======== DATA FOR THE TASK ========
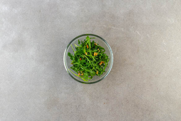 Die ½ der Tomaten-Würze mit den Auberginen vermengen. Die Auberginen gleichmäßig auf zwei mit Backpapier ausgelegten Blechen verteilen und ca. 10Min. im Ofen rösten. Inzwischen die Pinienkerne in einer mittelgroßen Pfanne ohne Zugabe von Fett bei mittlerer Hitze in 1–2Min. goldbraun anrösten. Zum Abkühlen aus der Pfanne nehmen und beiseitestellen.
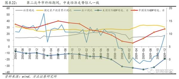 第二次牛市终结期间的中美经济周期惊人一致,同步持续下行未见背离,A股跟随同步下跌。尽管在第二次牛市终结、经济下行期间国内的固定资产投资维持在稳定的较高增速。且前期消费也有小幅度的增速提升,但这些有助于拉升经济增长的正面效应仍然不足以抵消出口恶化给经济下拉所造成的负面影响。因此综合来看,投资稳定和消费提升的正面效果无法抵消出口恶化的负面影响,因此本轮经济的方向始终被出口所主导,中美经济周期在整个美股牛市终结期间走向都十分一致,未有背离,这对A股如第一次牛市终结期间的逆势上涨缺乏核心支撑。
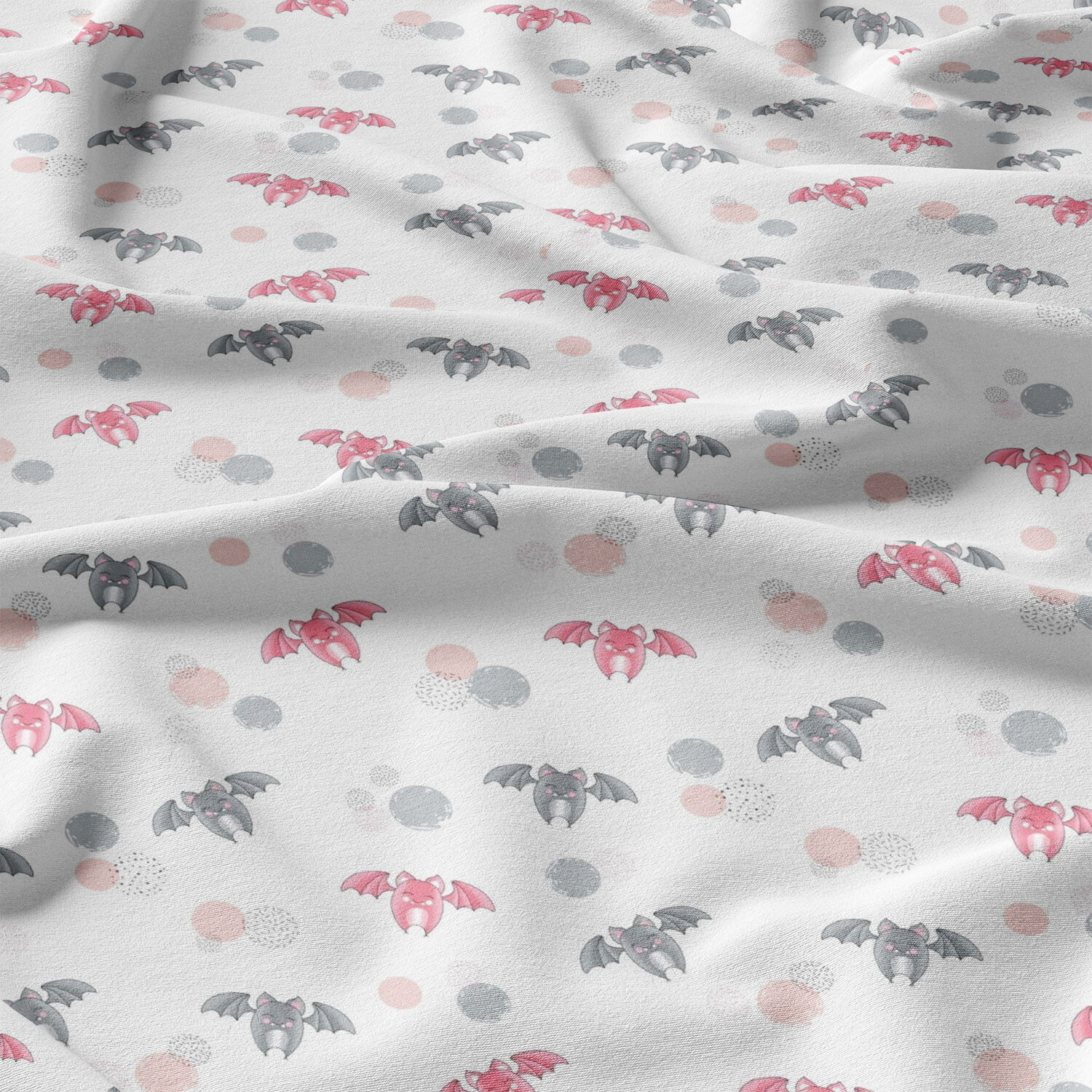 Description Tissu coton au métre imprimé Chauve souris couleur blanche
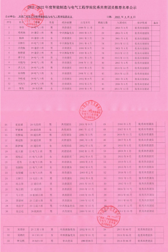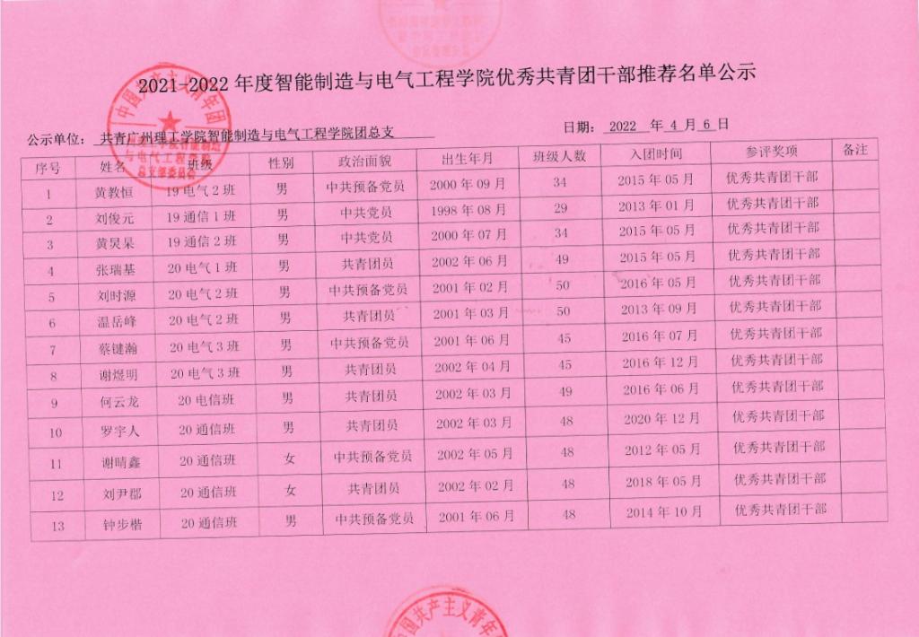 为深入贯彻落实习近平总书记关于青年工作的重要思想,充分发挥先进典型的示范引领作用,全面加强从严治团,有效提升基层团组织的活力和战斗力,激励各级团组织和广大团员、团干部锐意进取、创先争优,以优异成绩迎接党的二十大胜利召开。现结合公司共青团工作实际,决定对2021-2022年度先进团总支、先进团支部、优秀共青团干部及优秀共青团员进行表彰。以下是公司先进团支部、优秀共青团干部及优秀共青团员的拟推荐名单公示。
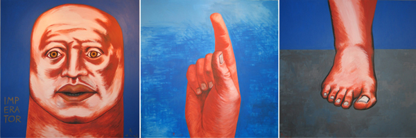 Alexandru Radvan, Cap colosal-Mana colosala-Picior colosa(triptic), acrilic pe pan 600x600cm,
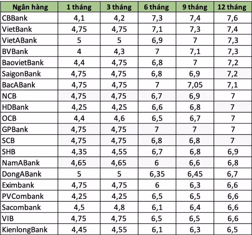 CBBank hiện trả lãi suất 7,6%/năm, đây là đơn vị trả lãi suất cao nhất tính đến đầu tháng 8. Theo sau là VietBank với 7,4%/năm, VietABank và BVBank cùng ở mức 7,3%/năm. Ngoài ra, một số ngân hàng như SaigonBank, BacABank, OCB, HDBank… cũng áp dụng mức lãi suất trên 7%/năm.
========
• THE PROBLEM
Before copying, set the pictures aside; then give the records again exactly.

• THE COMPLETED TASK
 Die ½ der Tomaten-Würze mit den Auberginen vermengen. Die Auberginen gleichmäßig auf zwei mit Backpapier ausgelegten Blechen verteilen und ca. 10Min. im Ofen rösten. Inzwischen die Pinienkerne in einer mittelgroßen Pfanne ohne Zugabe von Fett bei mittlerer Hitze in 1–2Min. goldbraun anrösten. Zum Abkühlen aus der Pfanne nehmen und beiseitestellen.
 第二次牛市终结期间的中美经济周期惊人一致,同步持续下行未见背离,A股跟随同步下跌。尽管在第二次牛市终结、经济下行期间国内的固定资产投资维持在稳定的较高增速。且前期消费也有小幅度的增速提升,但这些有助于拉升经济增长的正面效应仍然不足以抵消出口恶化给经济下拉所造成的负面影响。因此综合来看,投资稳定和消费提升的正面效果无法抵消出口恶化的负面影响,因此本轮经济的方向始终被出口所主导,中美经济周期在整个美股牛市终结期间走向都十分一致,未有背离,这对A股如第一次牛市终结期间的逆势上涨缺乏核心支撑。
 Description Tissu coton au métre imprimé Chauve souris couleur blanche
 为深入贯彻落实习近平总书记关于青年工作的重要思想,充分发挥先进典型的示范引领作用,全面加强从严治团,有效提升基层团组织的活力和战斗力,激励各级团组织和广大团员、团干部锐意进取、创先争优,以优异成绩迎接党的二十大胜利召开。现结合公司共青团工作实际,决定对2021-2022年度先进团总支、先进团支部、优秀共青团干部及优秀共青团员进行表彰。以下是公司先进团支部、优秀共青团干部及优秀共青团员的拟推荐名单公示。
 Alexandru Radvan, Cap colosal-Mana colosala-Picior colosa(triptic), acrilic pe pan 600x600cm,
 CBBank hiện trả lãi suất 7,6%/năm, đây là đơn vị trả lãi suất cao nhất tính đến đầu tháng 8. Theo sau là VietBank với 7,4%/năm, VietABank và BVBank cùng ở mức 7,3%/năm. Ngoài ra, một số ngân hàng như SaigonBank, BacABank, OCB, HDBank… cũng áp dụng mức lãi suất trên 7%/năm.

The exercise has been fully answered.